Member of the Iowa House of Representatives from the 16th district
- In office January 10, 1983 – January 12, 1997
- Preceded by: Semor C. Tofte
- Succeeded by: Henry Rayhons

Member of the Iowa House of Representatives from the 8th district
- In office January 8, 1979 – January 9, 1983
- Preceded by: Terry Branstad
- Succeeded by: Kenneth De Groot

Personal details
- Born: Clifford Orville Branstad April 23, 1924 Thompson, Iowa
- Died: November 10, 2014 (aged 90) Lake Mills, Iowa
- Party: Republican
- Spouse: Grace Martin ​(m. 1947⁠–⁠2014)​

= Clifford Branstad =

American politician (1924–2014)

Clifford Orville Branstad (April 23, 1924 – November 10, 2014) was an American politician who served in the Iowa House of Representatives between 1979 and 1997.

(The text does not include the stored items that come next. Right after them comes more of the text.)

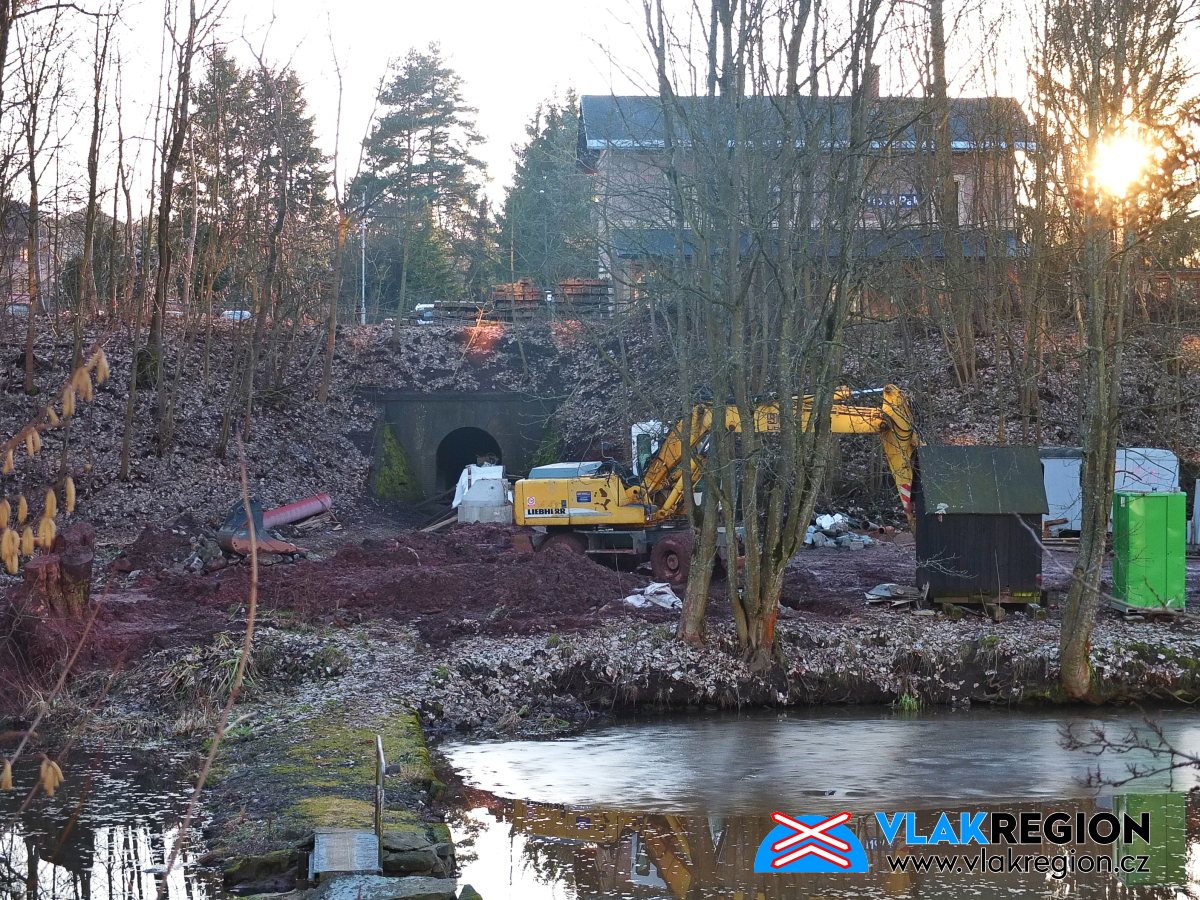 Stanice Nová Paka - vodoteč pod kolejemi vstupuje do areálu Velvety (2/2026)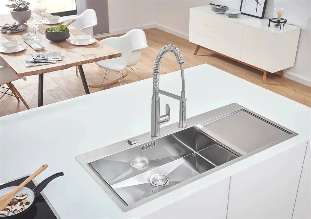 Мойка Grohe K1000 из нержавеющей стали с корзинчатым вентилем, левая/правая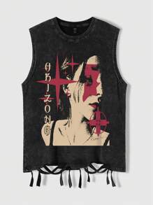 Street Life Men's Ripped Hem & Star Girl Print Anime Distressed Short Sleeve T-Shirt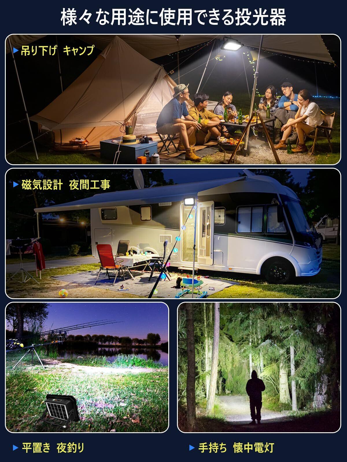 【180°角度調整可能&SOSモード&幅広い使用範囲】このフラッドライトには180°調整可能なU字型ブラケットが付いており、ニーズに応じて調整でき、吊り下げたり、平らな面に置いたり、ポータブルなどに使用でき、多機能なフラッドライトです。緊急時には、SOS警告灯としても使用できる投光器で、赤と青の点滅モードがあり、いつでも持ち運べる屋外照明の作業灯として特に最適です。そして、この作業灯は夜釣り、バーベキュー、車中泊、キャンプ、夜間工事、作業灯、台風/地震/停電対策、アウトドア、登山、屋外照明、防災、緊急時などにも大活躍です。
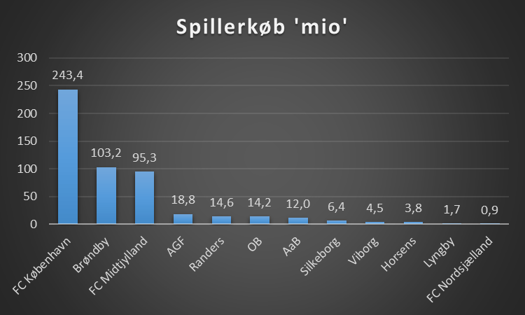 Ses der på hvor mange penge selve truppen er værd (transferettigheder) og hvor mange midler der er brugt på spillerkøb, ser det således ud.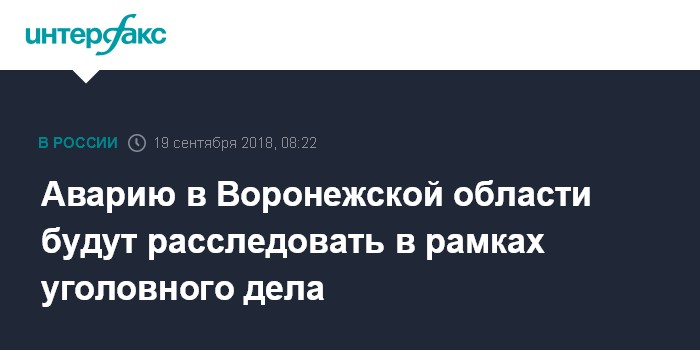 Москва. 19 сентября. INTERFAX.RU - Уголовное дело возбуждено в связи с ДТП в Воронежской области, в результате которого 5 человек погибли и 14 попали в больницу, сообщили "Интерфаксу" в пресс-службе ГУ МВД по региону в среду.

Born in Thompson, Iowa, and one of five children to Lydia Siekmeier and Philip A. G. Branstad, Clifford Branstad attended the local high school, but left in January 1943 to enlist in the Army Air Corps, where he served 43 months, flying 41 missions for the Army Air Force. Upon his return to the United States and still without a high school diploma, Branstad enrolled at the Dunwoody Institute in Minnesota. He then earned a bachelor's degree in sociology and economics from the University of Iowa in 1948 after having studied at Central State Teachers College in Wisconsin. Branstad later became a pre-law student at Georgetown University and then moved to Chicago to work in the insurance industry.

Branstad began farming near Thompson in 1951, and began his political career by contesting the state legislative elections of 1978, succeeding his second cousin Terry Branstad as state representative from the eighth district in January 1979. He won a second term in 1980, and from 1983 to his retirement in 1997 represented the sixteenth district. In December 2006, Branstad was awarded a high school diploma from North Iowa High School, which had formed from a merger between Thompson and Buffalo Center-Rake-Lakota High Schools in 1996.

Branstad was a Lutheran. He died in 2014, aged 90, survived by his wife, Grace Martin, whom he had married in 1947, and four of his five children.